Last September I wrote about professional blog projects. I suggested that they are often conceived to keep up with proverbial Joneses, and also that they are doomed to failure absent careful planning and consideration. I was not wrong, but I understand the problem better this week. Blogs die for the very same reason they are born: it’s so easy.

In his new book Cognitive Surplus, Clay Shirky begins by laying out a simple, captivating summary of the history of American book publishing—one I’d have been glad to have at my disposal during my History of the Book course. To introduce the larger context of his argument, Shirky frames publishing in economic terms. Pre-Gutenberg, books were prohibitively expensive to reproduce in volume. Post-Gutenberg, the folks who owned the means of production still had such a sizable burden to shoulder that their job became a matter of both selecting and producing written texts for readers (not to mention promoting said works to said audiences). This is, needless to say, no longer the case in the world of new media Shirky shepherds us through in his (excellent) book.

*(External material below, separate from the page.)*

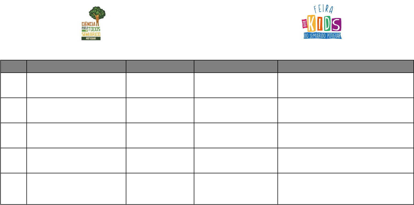 Pág. 1 Finalistas FCSP 2024 Modalidade KIDS 03 de dezembro de 2024 Estande Título Escola Orientador Autores K-101 TIPOS DE POLUIÇÃO. ESCOLA ESTADUAL DE TEMPO INTEGRAL POETA RENATO CAL... MILDACYR ALVES PEREIRA SILVA APARECIDA VITÓRIA DE SOUZA PAMELA MARYE DA SILVA OLIVEIRA EMILLY GABRIELLE FERNANDES CARNEIRO K-102 EVITANDO A POLUIÇÃO DA TERRA ESCOLA ESTADUAL DESEMBARGADOR FELIPE GUERRA EDNA MARIA DE OLIVEIRA ADRIEL MESAQUE MENDES DANTAS KASSIO JOSÉ DUARTE DE FREITAS JÚNIOR K-103 DESENVOLVIMENTO DE CRIANÇAS AUTISTAS: BRINQUEDOS E... ESCOLA ESTADUAL DESEMBARGADOR FELIPE GUERRA MAYARA LEYLANE EUFRAZIO NERIS HELLEN VITÓRIA RODRIGUES CASTRO LAYSA MABEL BATISTA VIEIRA MARIA CECILIA MEDEIROS EUFRAZIO K-104 A EVOLUÇÃO DA ESCOLA ESTADUAL DESEMBARGADOR FELIPE... ESCOLA ESTADUAL DESEMBARGADOR FELIPE GUERRA MAYARA LEYLANE EUFRAZIO NERIS AYLLA MONIQUE AZEVEDO SILVA JOYCE RAYSLLANE EUFLOZINO DA SILVA K-105 AS CORES E OS SENTIMENTOS ESCOLA ESTADUAL PROFESSORA ADALGISA EMÍDIA DA COST... LUANA VALENTIN DOS SANTOS ITÁLIA SANTOS CAVALCANTE MARIA CECÍLIA ALVES MENDES MARIA ISIS TAVARES DIAS Pág. 2 Estande Título Escola Orientador Autores K-106 O FUTEBOL COMO ALIADO NA ALFABETIZAÇÃO DE CRIANÇAS ESCOLA ESTADUAL PROFESSORA ADALGISA EMÍDIA DA COST... LUANA VALENTIN DOS SANTOS ISAAC ARAÚJO SOUSA ISRAEL CUNHA MANCIO JOÃO GUILHERME ROCHA LEONÊZ K-107 A IMPORTÂNCIA DOS ANIMAIS DE ESTIMAÇÃO PARA A CONS... ESCOLA ESTADUAL PROFESSORA ADALGISA EMÍDIA DA COST... LUANA VALENTIN DOS SANTOS ALLAN OLIVIER LIRA SILVA ANNA ESTHER LIRA GOMES ANTONIA NADJA DEYSE OLIVEIRA SOUSA K-108 MARTE: O PLANETA VERMELHO, O QUE SE SABE SOBRE ESS... ESCOLA ESTADUAL PROFESSORA ADALGISA EMÍDIA DA COST... MARIA ADEGNELVA FERREIRA SILVA ANA BEATRIZ OLIVEIRA DE MELO ANNELY CECÍLIA NOGUEIRA FERNANDES ELIZA ANDRYSLA MARINHO RODRIGUES K-109 CONHECER PARA ACOLHER: ENTENDENDO AS CARACTERÍSTIC... ESCOLA ESTADUAL PROFESSORA ADALGISA EMÍDIA DA COST... MARIA SELMA CUNHA EMILLY RAQUEL SOUZA MATIAS MARYANE SOUSA MARQUES K-110 ALIMENTAÇÃO SAUDÁVEL: O AÇÚCAR NAO FAZ FALTA ESCOLA ESTADUAL TEMPO INTEGRAL LUIS GONDIM MARIA VANDA DE OLIVEIRA AQUINO ANNA FLÁVIA DO NASCIMENTO ALVES JENNYFER MAYARA ZACARIAS DOS SANTOS SILVA MARIA EDUARDA RODRIGUES DA SILVA K-111 SINALÁRIO DE ANIMAIS DA CAATINGA CENTRO ESTADUAL DE CAPACITAÇÃO DE EDUCADORES E ATE... ANA PAULA SOUZA LIRA DA SILVA LARA NICOLE LIMA DO NASCIMENTO ALEXIA VITÓRIA DUARTE VASCONCELOS GIOVANNY RUAN DA COSTA MORAIS K-112 A CONTRIBUIÇÃO DOS BONECOS RECICLÁVEIS PARA O PROC... CENTRO REGIONAL DE EDUCAÇÃO ESPECIAL DE MOSSORÓ- C... LEILA SILMARA DE MORAIS NOGUEIRA RENAN VITOR DE OLIVEIRA SILVA Pág. 3 Estande Título Escola Orientador Autores K-113 MAGNETISMO E E PROFESSOR HERMÓGENES NOGUEIRA DA COSTA ANA CATARINA DA SILVA ISAC MARCOS DOMINGUES COSTA FELIPE MARINHO TRAJANO JOÃO GABRIEL DE LIMA DANTAS K-114 A INTERNET NO FUNDO DO MAR E E PROFESSOR HERMÓGENES NOGUEIRA DA COSTA ANA CATARINA DA SILVA IASMYM BARBARA DA SILVA MARIA JÚLIA DANTAS MONTEIRO PHELYPE GABRIEL DA SILVA PEREIRA K-115 A DANÇA NO COMBATE A DEPRESSÃO E E PROFESSOR HERMÓGENES NOGUEIRA DA COSTA ELINEUZA SOARES DE SOUSA LÍVIA BIANCA VENTURA DE SOUZA ANA LUÍSA COSTA DOS SANTOS LAVÍNEA REBECA RODRIGUES K-116 AS BORBOLETAS: METAMORFOSE E PERCEPÇÕES E E PROFESSOR HERMÓGENES NOGUEIRA DA COSTA LIDIANY FREIRE DA SILVA ANA BEATRIZ HOLANDA DOS SANTOS ÂNGELA VALENTINA LIMA SIQUEIRA ALVES LUNA ESTHER OLIVEIRA DA SILVA K-117 COMO ACONTECEM OS TERREMOTOS. ESCOLA ESTADUAL ABOLIÇÃO IV ANTONIA MARIA DA SILVA ALVES GABRIEL SAUL DE LIMA FILGUEIRA MATHEUS WALYSON MARCELINO PEREIRA DA SILVA RAPHAEL RENAN DE MEDEIROS K-118 MUDANÇAS CLIMÁTICAS ESCOLA ESTADUAL ABOLIÇÃO IV FRANCISCA DE FÁTIMA OLIVEIRA SANTOS ANA CECILIA LEÃO ALVES DA CRUZ LUIZ MIGUEL OLIVEIRA DE MEDEIROS MARIA CECILIA OLIVEIRA DE MEDEIROS K-119 COLETA SELETIVA ESCOLA ESTADUAL ALFA VILLE LUANA CRISTINA MEDEIROS BEZERRA BERNARDO RODRIGUES GONÇALVES DOS SANTOS LHAYRA EVELIM OLIVEIRA DA COSTA GUILHERME EVANGELISTA REIS K-120 DESMATAMENTO ESCOLA ESTADUAL ALFA VILLE LUANA CRISTINA MEDEIROS BEZERRA NICOLE MARTINS DE CARVALHO JULIANY JÁCOME RIBEIRO DAVYD JANILSON RODRIGUES Pág. 4 Estande Título Escola Orientador Autores K-121 MAGNETISMO ESCOLA ESTADUAL ALFA VILLE LUANA CRISTINA MEDEIROS BEZERRA EVA YANIS NUNES LOPES JÚLIA VITÓRIA SOUZA DOS SANTOS MELO BERNARDO KENNEDY SENA NOGUEIRA K-122 EXPERIÊNCIA TÁTIL: FERRAMENTAS PARA INTEGRAÇÃO SEN... ESCOLA ESTADUAL DE TEMPO INTEGRAL AMBULATÓRIO CARD... ALLANA MINELLY TARGINO SILVA MARIA CLARA DA SILVA TAIZA LORRANA FERREIRA SIQUEIRA TAMYRES RAQUEL DA SILVA K-123 CIRCUITO ELÉTRICO: TESTANDO POSSIBILIDADES ESCOLA ESTADUAL DE TEMPO INTEGRAL AMBULATÓRIO CARD... BRENA EMANUELE DA SILVA HERCULES HENRIQUE DAS NEVES SILVA JOÃO FELIPE ARRUDA LOPES PEDRO VINICIUS NUNES CAMPELO K-124 A INCLUSÃO DO ALUNO COM DIFICIÊNCIA MULTIPLA: QUEB... ESCOLA ESTADUAL EDUCANDÁRIO PROFESSOR PAULO FREIRE YURYANA RAKELE MORAES DA SILVA ANTONIO NATANAEL LIMA PEREIRA DHAFNY NICOLLE FERNANDES DE OLIVEIRA NICOLAS CAUAN PEREIRA DE SOUZA K-125 DESVENDANDO O CLIMA: A INFLUÊNCIA DAS AÇÕES HUMANA... ESCOLA ESTADUAL JERÔNIMO ROSADO WILLKIA BARBOSA DE MENEZES OLIVEIRA IGOR SAMUEL DE MORAIS PEREIRA ALEXIA BIANCA PEREIRA SALES ANA CLARA DA SILVA FREITAS K-126 VENTOS GIRATÓRIOS: A CIÊNCIA POR TRÁS DOS FURACÕES... ESCOLA ESTADUAL JERÔNIMO ROSADO WILLKIA BARBOSA DE MENEZES OLIVEIRA JOÃO FELIPE BEZERRA DE MORAES NICKSON DAVI MEDEIRO DOS SANTOS ANTHONY PYETRO SOARES DA SILVA K-127 O MUNDO DAS AVES E SUAS CURIOSIDADES ESCOLA ESTADUAL LUIZ DANTAS CAVALCANTI LUANA OLIVEIRA FERREIRA LIMA SARAH JULIANA PONTES AUGUSTO DE MELO PIERRY SAMUEL DE SOUSA SOLON K-128 O FANTÁSTICO MUNDO DAS FORMIGAS ESCOLA ESTADUAL LUÍZ DANTAS CAVALCANTI POLIANA LINHARES DA SILVA DE OLIVEIRA JOÃO GABRIEL PEREIRA BRITO SILVA GUSTAVO COSTA SOUZA Pág. 5 Estande Título Escola Orientador Autores K-129 A IMPORTÂNCIA DA SUSTENTABILIDADE PARA O EQUILÍBRI... E

Both the beauty and the curse of a blog project in its infancy is the lack of accountability. The barriers to “entry,” or publishing, do not include the time and expense of a print publisher or even the US Postal Service. These are accountability measures, with their own inherent deadlines, that we set up for ourselves in professional budgets to bind ourselves to the organizational mailings of old. We could be pushed through our own hoops by the beneficial entrapments we set up for ourselves by saying, “Let’s do a newsletter,” and then carrying out the various stages of that process. Blogging requires no such advance planning. Though, as I continue to believe, it would be all the better for it.

Blogging also confuses the lines between production and promotion for staff who think it's just a matter of pixilating a newsletter. Organizations can fall prey to thinking the two are similar simply because a blog is online, and that, “If you build it, they will come.” Organizational blogging may have to be a team effort, and the voice of the author--whether co-created or not--might be separate from the voice of the promoter. (Hint: This is also true of print, but somehow it doesn't cause as much confusion in the print medium.)

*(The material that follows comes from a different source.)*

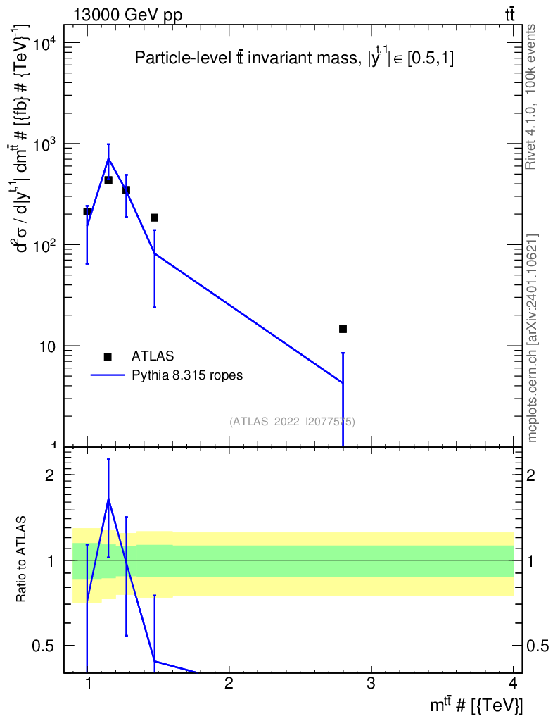 Lines: data, pythia8 8.315 ropes |

As expected, the would-be bloggers I cautioned not to promote themselves before producing a certain amount of content have been dormant for a number of months. But since I am not here to complain, I will offer a solution as opposed to an I Told You So.

Why blogs die is not the same as why blogs fail. I do not even know if a blog can fail, but anything is possible. Blogs are easily born, but even more easily reborn. As once proven here, a blog can be resurrected with very little initial effort, in terms of the technology. A project team need only revisit its original goals, division of labor, timeline, and promotional strategy to live again in the blogosphere. Whether it’s your own blog or someone else’s, think of the new year as a time to reboot. Keep blogging.